Segment Open
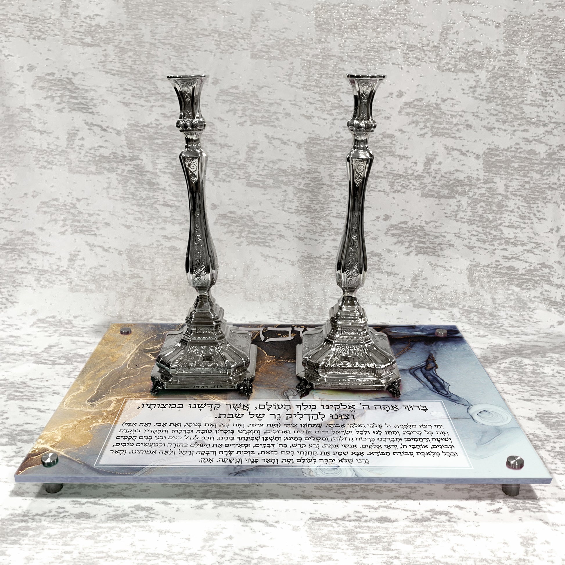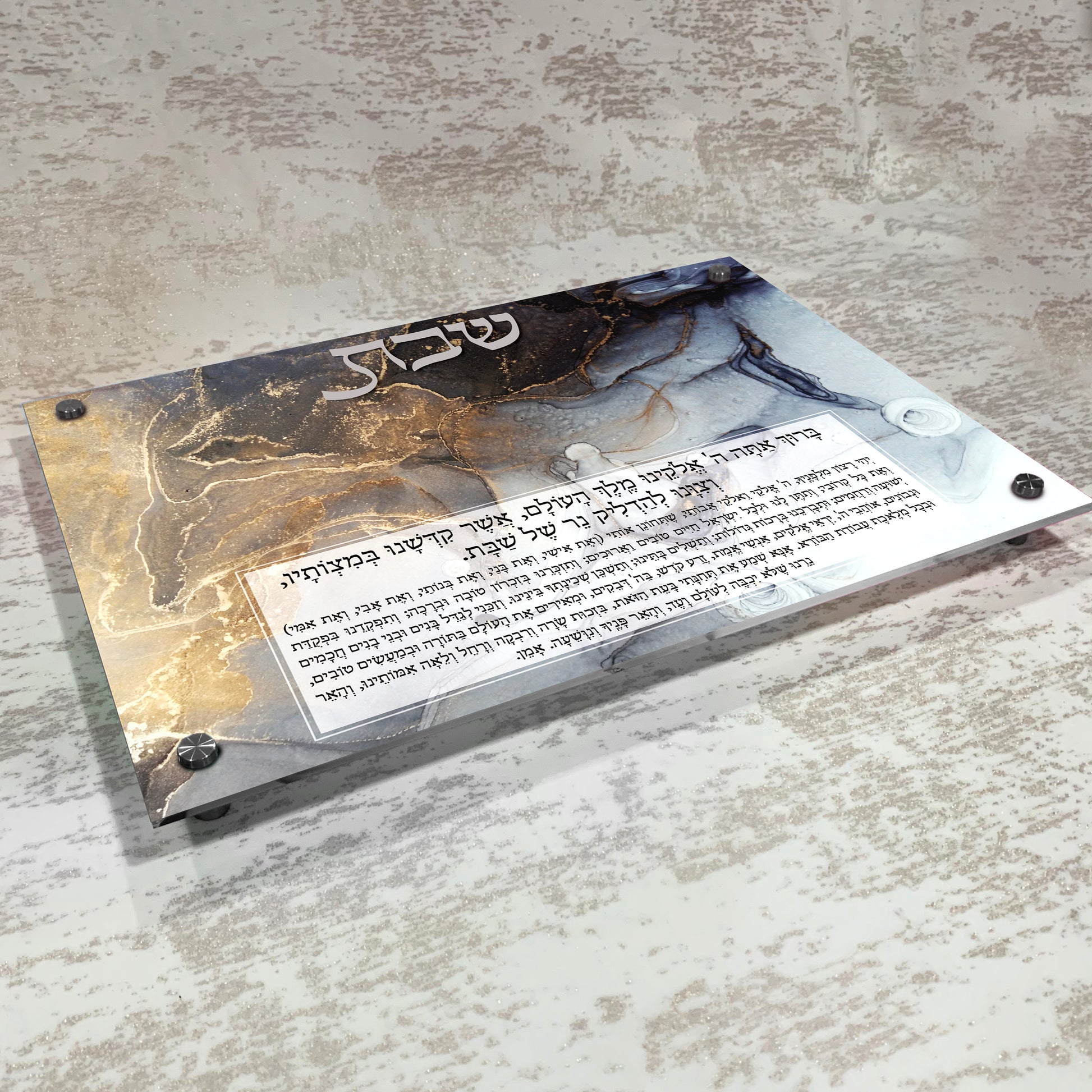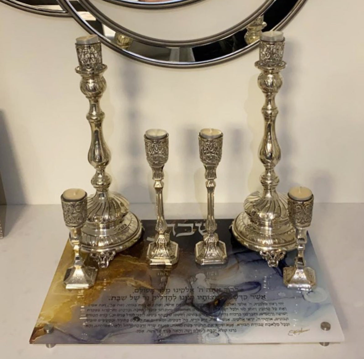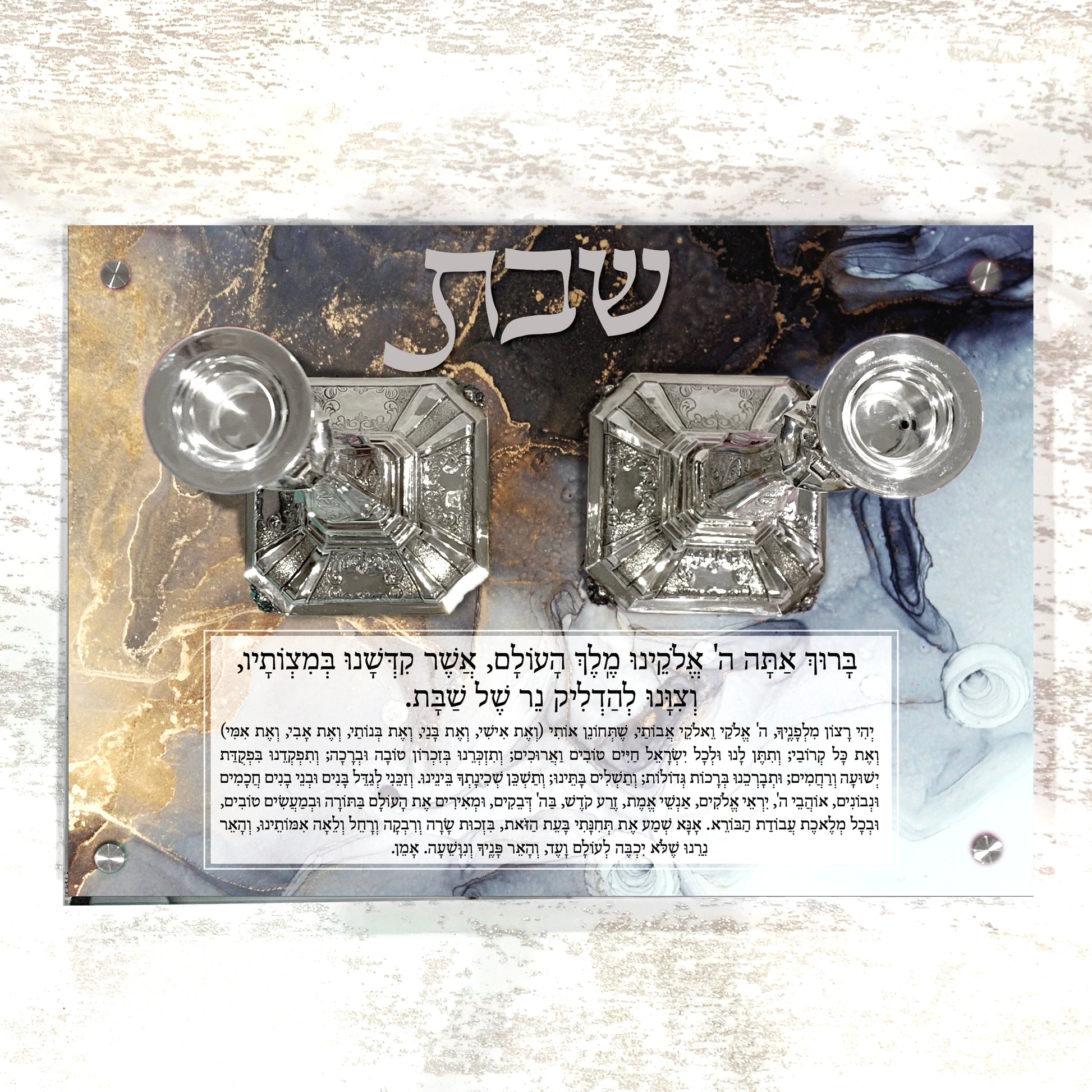 Your candlesticks will look beautiful on any of these designs printed on acrylic to enhance your Shabbat. Contains the text of the brachot and yehi ratzon said after candle lighting.
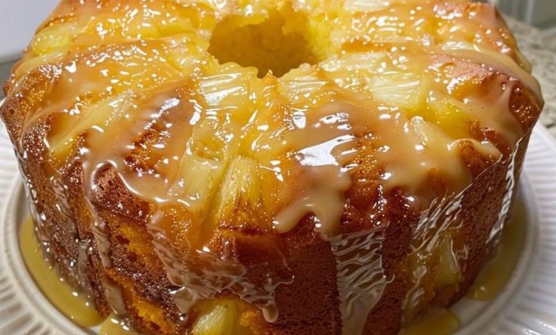 6. Glaze: In a small bowl, whisk together powdered sugar and pineapple juice until smooth. Drizzle generously over the cooled cake, letting it run naturally down the sides.
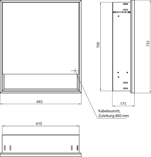- Maße (BxTxH): 643 x 175 x 733 mm
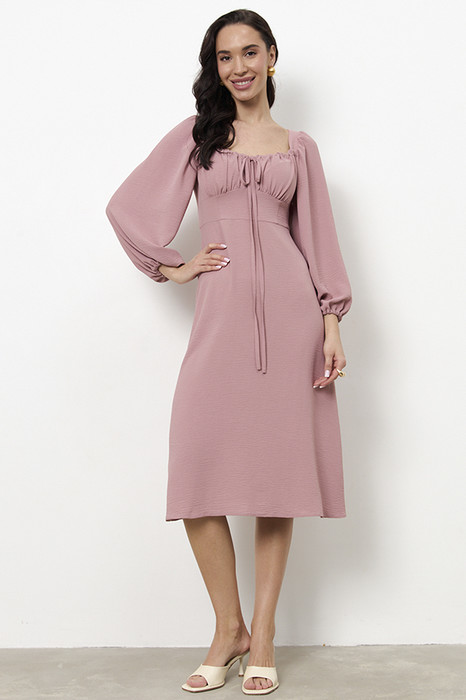 Платье приталенного силуэта, расширенное книзу из ткани с крэш-эффектом. Отрезное по линии талии. Верхняя часть с отрезным лифом, подрез фигурный. По верхнему краю лифа кулиска, в которую вставлены бретели-завязки, формирующие драпировку. Вырез горловины глубокий, расширенный, по форме напоминающий каре, с вырезом до линии подреза. Прилегание платья создано за счет рельефов на деталях переда и вытачек на деталях верхней и нижней части спинки. В верхней части среднего шва спинки застежка на потайную молнию. Рукава втачные, длинные, со сборкой по окату и низу рукава. В подгибку низа рукава вставлена резинка.
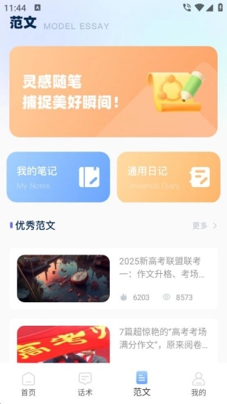4、还可以去查看各种范文内容,手机点击就可以进入到阅读,进行我的笔记记录。
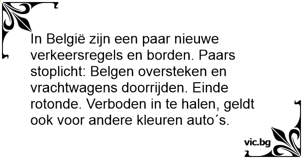 In België zijn een paar nieuwe verkeersregels en borden. Paars stoplicht: Belgen oversteken en vrachtwagens doorrijden. Einde rotonde. Verboden in te halen, geldt ook voor andere kleuren auto´s.
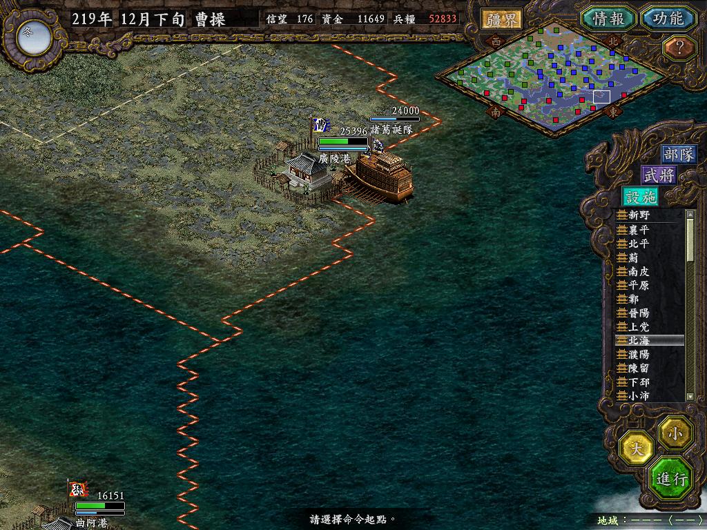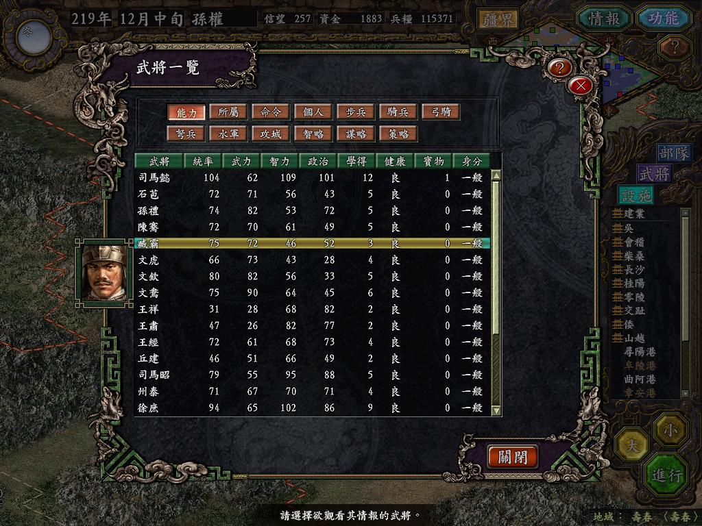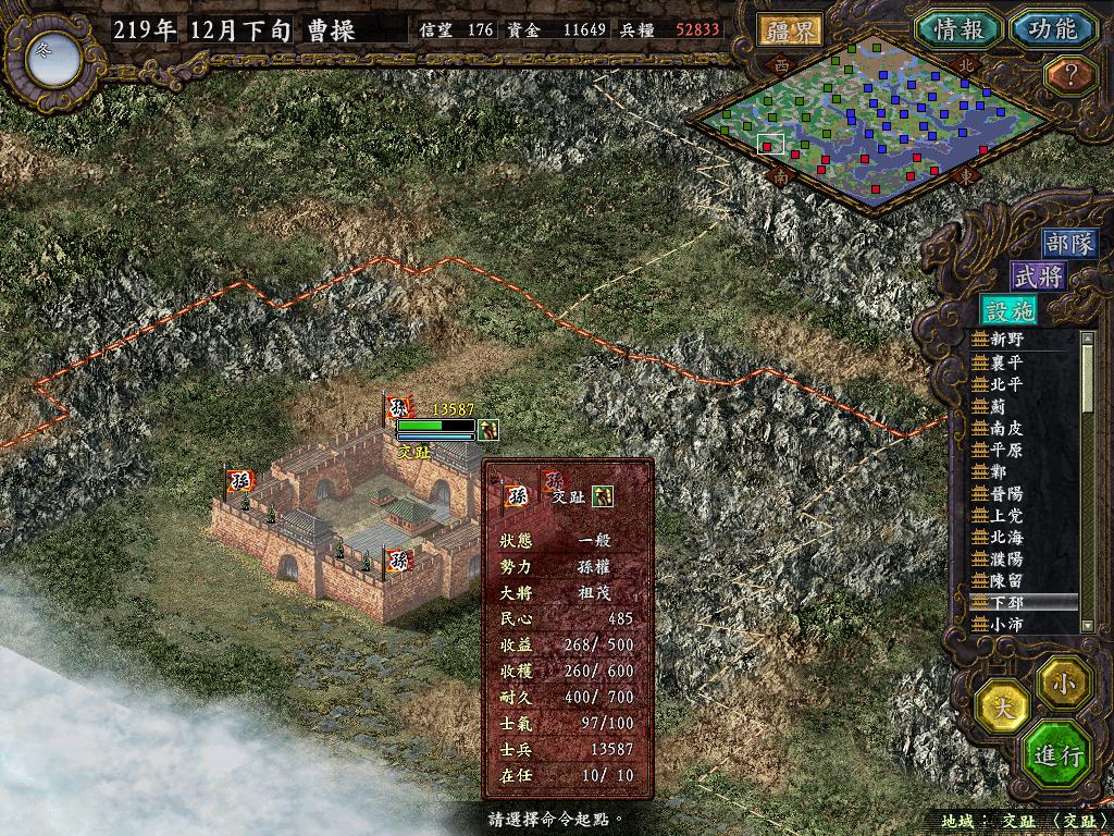 进行面:第二天曹彰就夺取寻阳,吴国各部除孙策由西门杀出,6W2皆呆于城内.夏侯霸部一马当先,发动连锁奔射,公谨损失1300人,剩余300兵马仓皇南逃,郭淮轻骑终于赶上,王双于阵中冲出,当下擒住公谨,三尖刀一闪,公谨重伤落马,徐盛见状,回马来救,拖回主帅,吴兵围上,策见状,大呼:公谨无恙呼!一个奋迅,杀的左翼的王睿人仰马翻.公谨只剩半口气,呻吟曰:既生瑜,何生双!夏侯部的夏侯惠见兄立大功,不甘示弱,文有文用,一个混乱定主公谨,吼道:复呻吟乎?自此瑜部全灭,徐盛为救公谨被俘.策的5000步兵也杀的只剩300人.
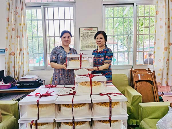 當天下午2:00,由于天氣炎熱,動物奶油容易融化,公司總經(jīng)理孔宇與副總經(jīng)理唐亞瓊及其他員工一起來到西麥坊幫忙包裝蛋糕,并快速將蛋糕運送到西大第一幼兒園和第二幼兒園,以保證蛋糕的新鮮與安全。
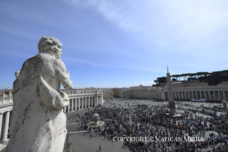 Köszöntelek mindannyiatokat, akik Rómából, Olaszországból és a világ számos tájáról érkeztetek. Külön is köszöntöm a „Camplus” egyetemi kollégiumi hálózat spanyol hallgatóit, a madridi, pescarai, chieti, locorotondói egyházközségi csoportokat, továbbá a római San Giovanni Leonardi-plébániáról érkezett csoportot. Köszöntöm a comói Szent József szociális szövetkezetet, a perugiai gyerekeket, a hitvallás letétele felé tartó bolognai fiatalokat, valamint a paviai, a Iolo di Prató-i és a Cavaion Veronese-i bérmálkozókat.
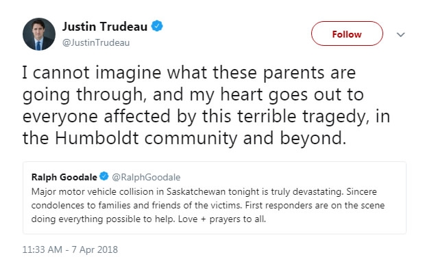 Canadian Prime Minister Justin Trudeau has tweeted his condolences, stating that he “cannot imagine what these parents are going through.”
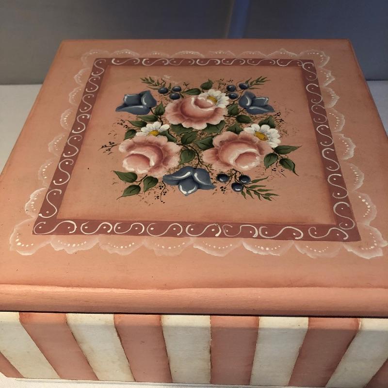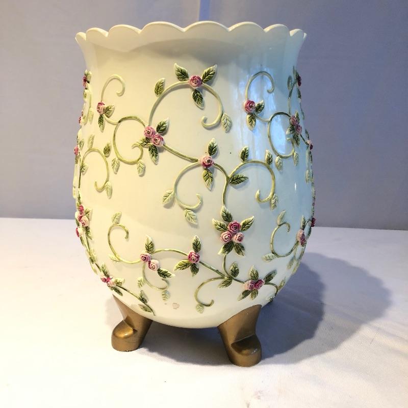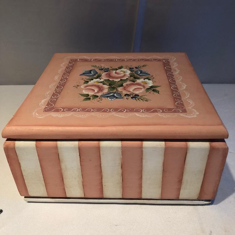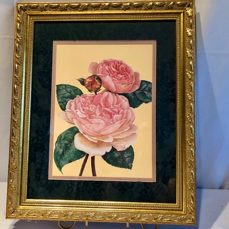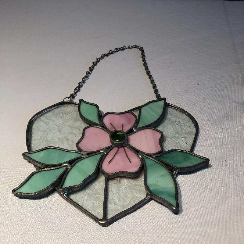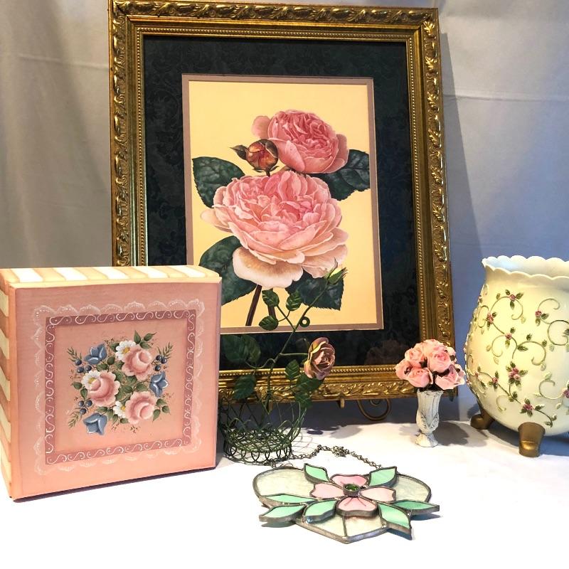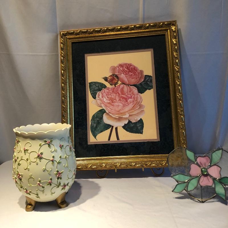 This lovely assortment of decor items all have pink flowers as their common theme. The lovely signed artwork by Waltraud Fuchs Von Schwarzbek is a delightful piece that has been mounted in a beautiful gold colored frame with a dark green damask matting that compliments the art perfectly. Other items include a plastic footed rose adorned urn, a hanging window stained glass piece in the shape of a heart, a wooden box, metal small plant stand and a tiny resin vase with faux flowers.
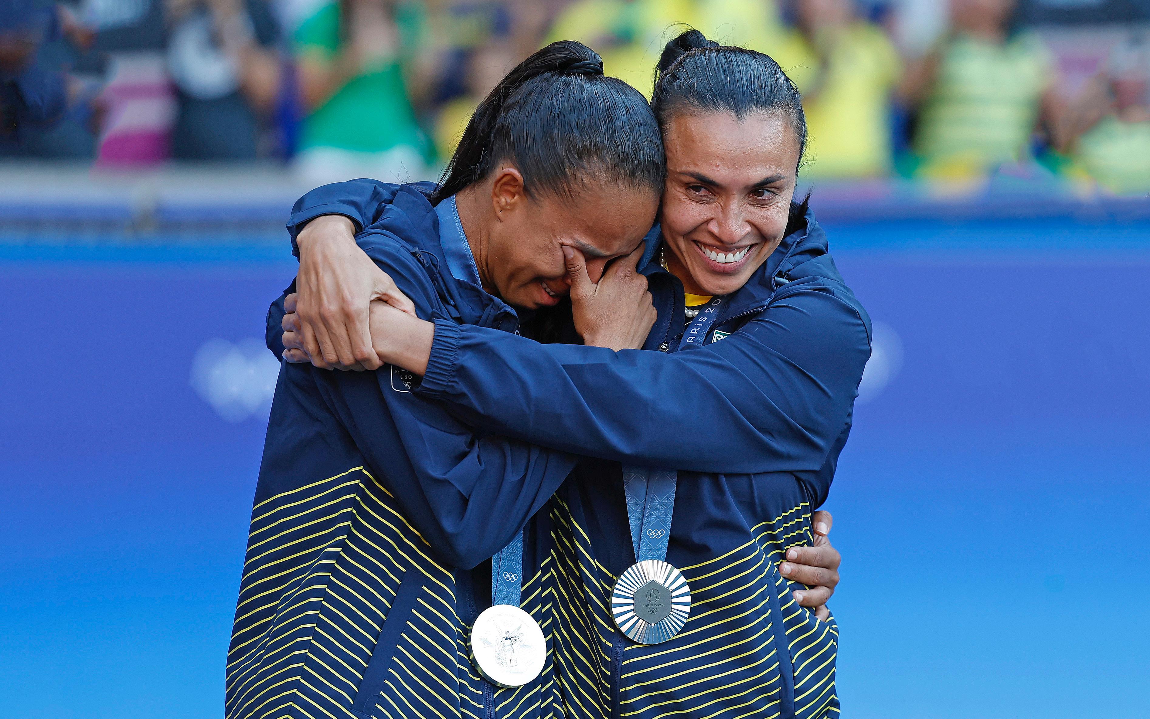 Marta consola Adriana, que chora, após receberem a medalha de prata dos Jogos Olímpicos de Paris 2024Créditos: Rafael Ribeiro/CBF
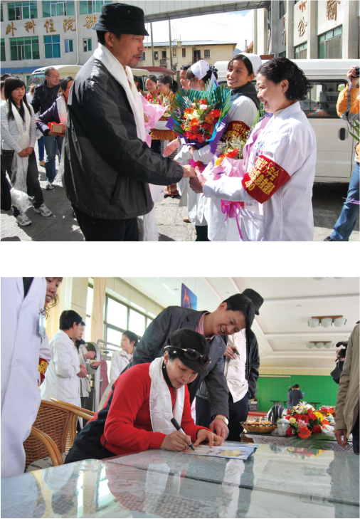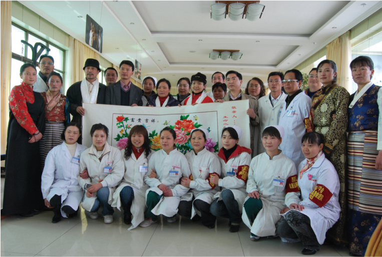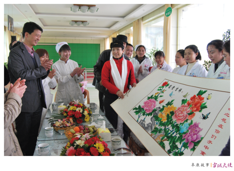此次的西藏之行,田啟蘭專門代表綿竹人民準備了一副《富貴吉祥》手工刺繡圖,表達災區群眾的感激之情。這幅刺繡是田啟蘭和幾名繡女不分晝夜趕制出的。對于田啟蘭來說,這不僅是一次感恩之旅,更是去探望自己“家人”的溫馨之旅。 而孫海英呂麗萍夫婦了解到,阜康醫院醫療救援隊醫療一直在免費收治有困難的患者。在探訪時,有一位70多歲的老人就正在接受治療,所有的費用都是該公司董事長一個人承擔。得知這個情況后, 孫海英夫婦當即掏出自己隨身攜帶的全部3000多元現金捐獻出來。在了解索珍有身孕在身,孫海英夫婦和田啟蘭又一起買了禮物去看望這位白衣天使。
Segment Closed
Directions for this task: Starting at the line with "This lovely assortment", reproduce exactly each line through the end of the entries, including the first and the last, and skip the pictures.

Output below:
 This lovely assortment of decor items all have pink flowers as their common theme. The lovely signed artwork by Waltraud Fuchs Von Schwarzbek is a delightful piece that has been mounted in a beautiful gold colored frame with a dark green damask matting that compliments the art perfectly. Other items include a plastic footed rose adorned urn, a hanging window stained glass piece in the shape of a heart, a wooden box, metal small plant stand and a tiny resin vase with faux flowers.
 Marta consola Adriana, que chora, após receberem a medalha de prata dos Jogos Olímpicos de Paris 2024Créditos: Rafael Ribeiro/CBF
此次的西藏之行,田啟蘭專門代表綿竹人民準備了一副《富貴吉祥》手工刺繡圖,表達災區群眾的感激之情。這幅刺繡是田啟蘭和幾名繡女不分晝夜趕制出的。對于田啟蘭來說,這不僅是一次感恩之旅,更是去探望自己“家人”的溫馨之旅。 而孫海英呂麗萍夫婦了解到,阜康醫院醫療救援隊醫療一直在免費收治有困難的患者。在探訪時,有一位70多歲的老人就正在接受治療,所有的費用都是該公司董事長一個人承擔。得知這個情況后, 孫海英夫婦當即掏出自己隨身攜帶的全部3000多元現金捐獻出來。在了解索珍有身孕在身,孫海英夫婦和田啟蘭又一起買了禮物去看望這位白衣天使。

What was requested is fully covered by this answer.